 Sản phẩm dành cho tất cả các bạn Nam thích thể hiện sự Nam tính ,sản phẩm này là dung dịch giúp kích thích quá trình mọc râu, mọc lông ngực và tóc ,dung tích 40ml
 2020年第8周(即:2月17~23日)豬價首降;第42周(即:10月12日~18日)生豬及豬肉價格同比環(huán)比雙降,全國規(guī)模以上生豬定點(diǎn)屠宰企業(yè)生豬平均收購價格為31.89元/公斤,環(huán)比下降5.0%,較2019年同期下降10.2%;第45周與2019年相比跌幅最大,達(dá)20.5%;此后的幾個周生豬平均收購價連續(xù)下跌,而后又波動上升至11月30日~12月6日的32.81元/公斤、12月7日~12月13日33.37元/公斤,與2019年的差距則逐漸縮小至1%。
■ ■ ■ ■
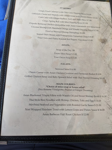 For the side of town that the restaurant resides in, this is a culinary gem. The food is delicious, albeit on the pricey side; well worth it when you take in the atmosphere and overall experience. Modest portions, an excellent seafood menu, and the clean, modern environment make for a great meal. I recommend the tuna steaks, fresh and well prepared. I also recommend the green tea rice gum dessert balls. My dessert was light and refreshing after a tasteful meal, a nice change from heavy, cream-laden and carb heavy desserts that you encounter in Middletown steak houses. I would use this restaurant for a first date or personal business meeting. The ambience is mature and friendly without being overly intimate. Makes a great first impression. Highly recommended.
■ ■ ■ ■
> _Task directions_: Give back, exactly as written, the stretch from the line with "Sản phẩm dành" through the line with "2020年第8周(即:2月1", and no other lines from the records above.

> _Answer to this task_:
 Sản phẩm dành cho tất cả các bạn Nam thích thể hiện sự Nam tính ,sản phẩm này là dung dịch giúp kích thích quá trình mọc râu, mọc lông ngực và tóc ,dung tích 40ml
 2020年第8周(即:2月17~23日)豬價首降;第42周(即:10月12日~18日)生豬及豬肉價格同比環(huán)比雙降,全國規(guī)模以上生豬定點(diǎn)屠宰企業(yè)生豬平均收購價格為31.89元/公斤,環(huán)比下降5.0%,較2019年同期下降10.2%;第45周與2019年相比跌幅最大,達(dá)20.5%;此后的幾個周生豬平均收購價連續(xù)下跌,而后又波動上升至11月30日~12月6日的32.81元/公斤、12月7日~12月13日33.37元/公斤,與2019年的差距則逐漸縮小至1%。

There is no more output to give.